America's Singleminded Response To Crime

Return to Drug War News: Don't Miss Archive

Every 11 minutes, prison doors slam shut behind another American. The combined population of state and federal prisons and local jails reached 2.1 million last year, a number that keeps growing.

Florida accounts for a sizeable portion of that growth, incarcerating nearly 85,000. Here, as in the rest of the country, the inmate population is mostly young, mostly male, disproportionately minority. Corrections will claim more than $2 billion of the state's budget for the coming fiscal year.

That doesn't include the money the state pays to support the court system, or the substantial sums each county spends on jails. And the inmates keep coming -- the growth of Florida's prison population far outpaces the increase in the general population.

Experts attribute the growth nationwide to the harshness of drug laws, a trend to give prison time for other convictions and the fact that inmates are more likely to serve longer sentences. Nearly half the inmates in this country are doing time for drug offenses.

Are we safer for it? Proponents of incarceration would argue that we are. The violent crime rate has been steadily dropping.
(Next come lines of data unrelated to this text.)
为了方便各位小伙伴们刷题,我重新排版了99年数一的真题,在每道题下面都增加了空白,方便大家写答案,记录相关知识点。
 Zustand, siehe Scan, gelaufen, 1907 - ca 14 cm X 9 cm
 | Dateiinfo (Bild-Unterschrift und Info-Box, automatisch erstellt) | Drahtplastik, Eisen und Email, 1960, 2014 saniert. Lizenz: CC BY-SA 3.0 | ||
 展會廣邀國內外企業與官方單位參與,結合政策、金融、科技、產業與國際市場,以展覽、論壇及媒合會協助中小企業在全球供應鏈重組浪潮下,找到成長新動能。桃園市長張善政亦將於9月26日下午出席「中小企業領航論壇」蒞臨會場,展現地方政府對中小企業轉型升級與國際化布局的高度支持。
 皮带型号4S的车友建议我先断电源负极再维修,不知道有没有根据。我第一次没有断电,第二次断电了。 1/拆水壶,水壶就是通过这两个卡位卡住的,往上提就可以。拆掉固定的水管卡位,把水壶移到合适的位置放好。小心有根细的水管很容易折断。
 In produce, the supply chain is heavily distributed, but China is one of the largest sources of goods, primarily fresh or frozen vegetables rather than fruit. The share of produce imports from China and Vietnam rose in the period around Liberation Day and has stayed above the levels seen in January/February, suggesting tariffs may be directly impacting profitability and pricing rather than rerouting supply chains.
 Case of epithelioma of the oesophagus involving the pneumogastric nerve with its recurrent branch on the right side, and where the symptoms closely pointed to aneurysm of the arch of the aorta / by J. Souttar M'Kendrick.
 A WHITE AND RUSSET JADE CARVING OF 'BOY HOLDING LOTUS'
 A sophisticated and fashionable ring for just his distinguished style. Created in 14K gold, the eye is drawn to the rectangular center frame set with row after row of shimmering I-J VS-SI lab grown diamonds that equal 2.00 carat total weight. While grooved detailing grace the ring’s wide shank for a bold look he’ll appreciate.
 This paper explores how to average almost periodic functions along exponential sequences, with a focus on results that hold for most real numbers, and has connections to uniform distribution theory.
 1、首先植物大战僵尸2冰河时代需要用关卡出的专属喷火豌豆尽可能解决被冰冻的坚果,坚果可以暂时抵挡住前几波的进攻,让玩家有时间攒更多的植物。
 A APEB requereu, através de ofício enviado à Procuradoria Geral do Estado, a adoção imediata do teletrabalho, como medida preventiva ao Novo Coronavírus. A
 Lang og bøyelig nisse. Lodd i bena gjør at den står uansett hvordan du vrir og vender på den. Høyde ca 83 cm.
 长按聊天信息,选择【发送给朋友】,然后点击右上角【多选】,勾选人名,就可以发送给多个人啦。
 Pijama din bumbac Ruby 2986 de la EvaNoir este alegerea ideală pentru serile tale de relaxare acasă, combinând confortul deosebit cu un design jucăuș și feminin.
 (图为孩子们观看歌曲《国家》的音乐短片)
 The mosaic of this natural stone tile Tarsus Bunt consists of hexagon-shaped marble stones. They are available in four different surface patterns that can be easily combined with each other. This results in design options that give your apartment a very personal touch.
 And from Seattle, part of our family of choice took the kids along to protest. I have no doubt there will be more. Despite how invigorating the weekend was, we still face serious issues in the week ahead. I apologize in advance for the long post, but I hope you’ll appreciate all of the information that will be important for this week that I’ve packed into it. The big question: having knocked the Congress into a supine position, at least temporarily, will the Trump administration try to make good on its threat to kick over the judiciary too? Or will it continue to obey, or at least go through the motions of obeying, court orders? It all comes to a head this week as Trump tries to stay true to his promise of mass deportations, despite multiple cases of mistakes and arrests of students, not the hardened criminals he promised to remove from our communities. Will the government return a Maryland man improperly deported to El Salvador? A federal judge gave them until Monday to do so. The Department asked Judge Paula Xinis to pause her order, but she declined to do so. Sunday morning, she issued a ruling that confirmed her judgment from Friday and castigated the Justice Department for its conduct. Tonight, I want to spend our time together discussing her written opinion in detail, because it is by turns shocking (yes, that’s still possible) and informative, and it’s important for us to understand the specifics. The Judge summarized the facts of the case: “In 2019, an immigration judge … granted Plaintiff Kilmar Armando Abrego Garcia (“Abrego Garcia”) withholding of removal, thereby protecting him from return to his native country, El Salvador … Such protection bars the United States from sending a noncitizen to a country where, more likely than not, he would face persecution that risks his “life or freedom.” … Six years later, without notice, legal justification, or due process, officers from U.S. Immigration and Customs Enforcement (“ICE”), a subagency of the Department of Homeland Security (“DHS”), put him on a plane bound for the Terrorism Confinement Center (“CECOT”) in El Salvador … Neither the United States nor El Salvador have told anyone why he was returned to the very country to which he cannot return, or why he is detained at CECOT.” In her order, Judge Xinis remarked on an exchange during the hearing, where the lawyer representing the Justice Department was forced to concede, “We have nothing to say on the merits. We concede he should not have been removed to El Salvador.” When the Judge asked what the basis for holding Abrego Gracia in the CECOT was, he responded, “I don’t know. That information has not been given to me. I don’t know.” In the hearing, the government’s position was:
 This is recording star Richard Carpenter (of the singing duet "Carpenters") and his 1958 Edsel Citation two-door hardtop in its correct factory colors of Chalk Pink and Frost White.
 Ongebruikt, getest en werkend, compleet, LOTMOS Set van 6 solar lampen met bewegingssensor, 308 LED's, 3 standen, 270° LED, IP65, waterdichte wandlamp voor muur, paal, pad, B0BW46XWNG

But there are compelling reasons to doubt that the American lock 'em up mantra actually improves the safety of our cities and neighborhoods.

The U.S. incarceration rate has been growing steadily for the past 30 years, but the crime rate began to decline only 10 years ago.

That lends credence to statisticians who say the most single reliable indicator of the crime rate is the proportion of young males in the population. As the baby boom generation ages, that ratio has dropped -- and along with it, the number of crimes committed.

Yet it's hard to get around the fact that an increasing percentage of those young males are spending their 20s and 30s behind bars. That statistic hits some communities harder than others.

In Baltimore, nearly one in five black men between the ages of 20 and 30 is in custody. Yet the violent crime rate in some parts of the city actually increased, according to a Justice Policy Institute study of crime and recidivism in Maryland.

With so many people in prison, neighborhoods are losing the cohesion that provides an effective barrier against crime. The problem is fueled by the dead-end fate awaiting recently released convicts, who struggle to find jobs and re-establish family connections. Frustrated, many turn to crime again.

States, staggering under the burden of imprisoning more people, are beginning to look for alternatives. In Florida, Gov. Jeb Bush advocates drug treatment that diverts users away from prison. In California, Gov. Arnold Schwarzenegger is pushing for a new emphasis on rehabilitation -- a move that is long overdue in the nation's largest prison system.

Congressional leaders have proposed legislation that would offer housing and employment assistance to inmates released from federal prison.

But a smarter approach would look at the policies that have put so many behind bars. Mandatory sentencing laws that strip discretion from judges are a dismal failure, sending people to prison for relatively minor crimes at massive public expense.

The nation's drug laws are a shambles, assessing arbitrary penalties that hit hardest at low-income criminals who use inexpensive, highly addictive street drugs like crack cocaine. Most prison programs aimed at rehabilitation have fallen victim to budget cuts or political posturing.

The growing prison numbers -- and public expense -- show that this is a course the United States can no longer afford to follow.